The tests prove the safety properties:

  • Dual reads detect discrepancies without affecting the response.
  • Dual writes keep both databases in sync.
  • Disabling all flags reverts to the old behaviour with no side effects.

Each test describes a scenario from the migration narrative. TestDualReadDetectsDiscrepancy is the 247 discrepancies Tom saw on day one. TestFlagDisabledReturnsToOldBehaviour is the rollback path that Tom’s first migration didn’t have. And none of them use time.Sleeprepo.Wait() waits for the actual work to finish, not for an arbitrary timer to expire.

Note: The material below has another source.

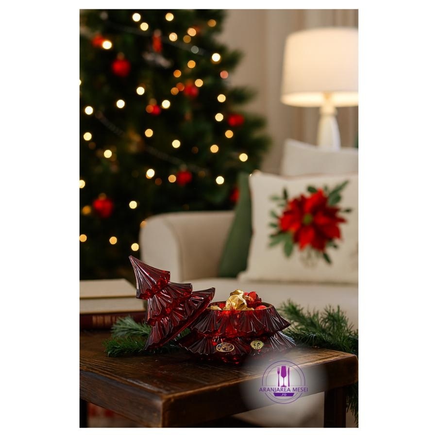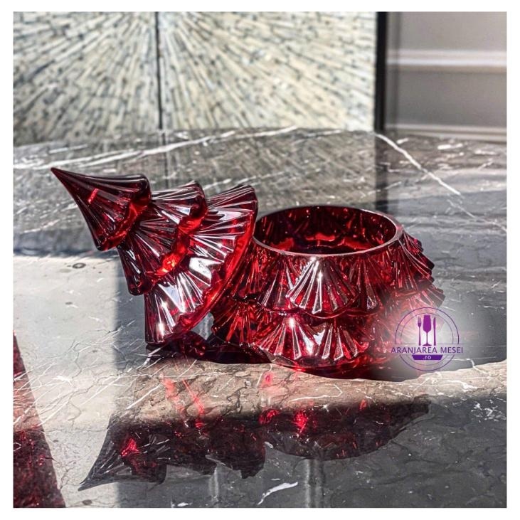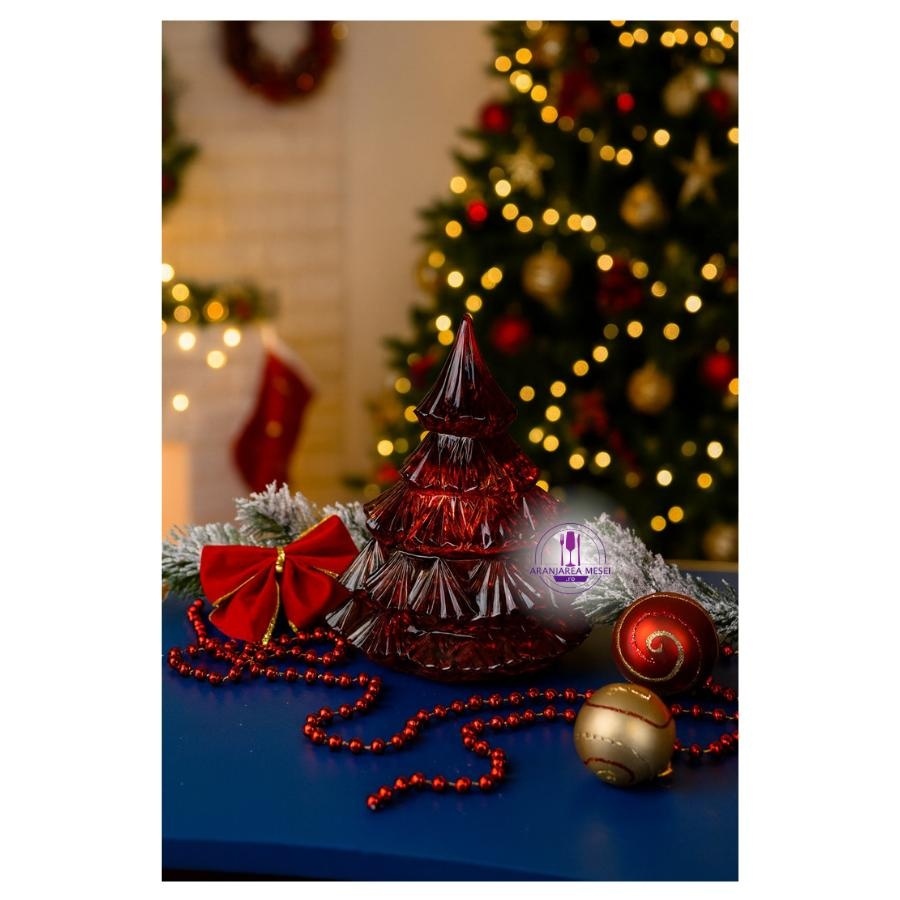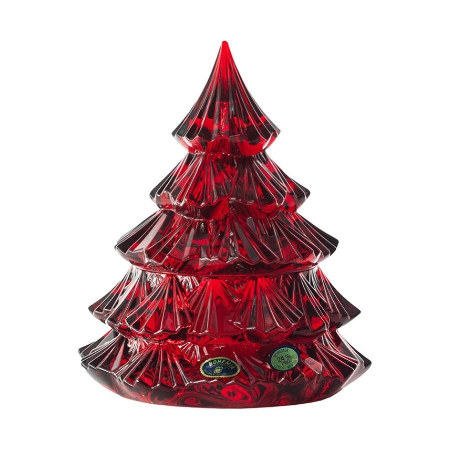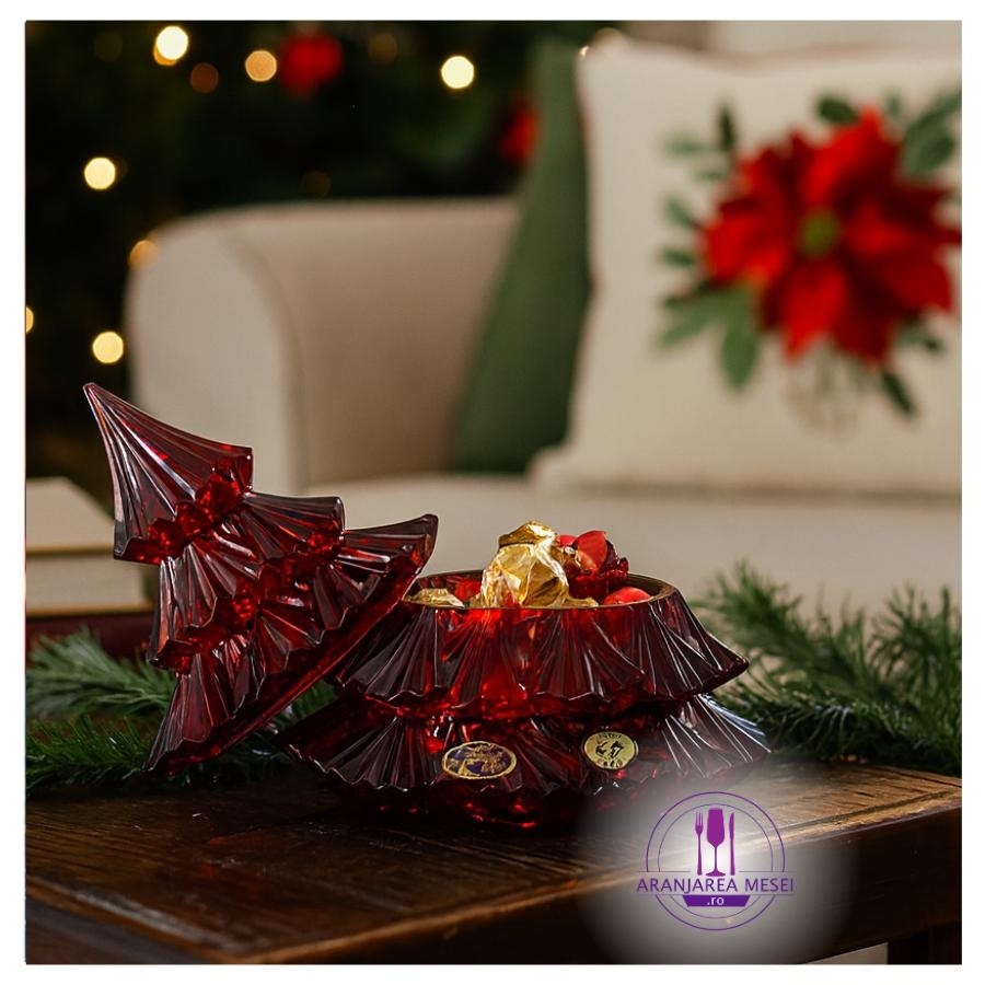 Bomboniera din cristal Bohemia decorată cu motiful unui brad roșu este un exemplu strălucitor al măiestriei cehe. Realizată cu o claritate și o eleganță deosebite, această bombonieră îmbină tradiția și arta meșteșugului din secole trecute, fiind un element decorativ ce atrage privirile. Fiecare detaliu este gândit cu atenție, iar cristalul de Bohemia, recunoscut la nivel mondial, conferă un plus de rafinament oricărei încăperi. Adaugă o notă de sofisticare și un strop de magie oricărei ocazii cu această bombonieră elegantă.

What Tom sends the Melbourne developer

When the new developer asks “what’s the pattern for adding a new database?”, Tom sends the strangler repository code as a template, the Melbourne developer will write their own version implementing their own domain’s repository interface, with the same structure but different types and methods. The MigrationFlags and FlagStore go across unchanged because they’re genuinely reusable: same three flags, same progression, same shared store. The StatsRecorder interface comes with them, hooked to the same dashboard pattern. The test suite goes as a template, with the three scenarios adapted to the new repository. And the postmortem from the first migration goes too, the 6 AM story that explains why the boring pattern exists in the first place.

The Melbourne migration follows the same pattern with different types. Three weeks. Zero incidents. The code isn’t shared, each domain’s StranglerRepository implements its own repository interface, with its own methods and its own comparison function. What’s shared is the shape: wrap old and new, read from the primary, compare with the shadow, log discrepancies, control everything with flags. That’s the template.

“The migration code is boring,” the Melbourne developer tells Tom.

“That’s the highest compliment it can receive,” Tom replies.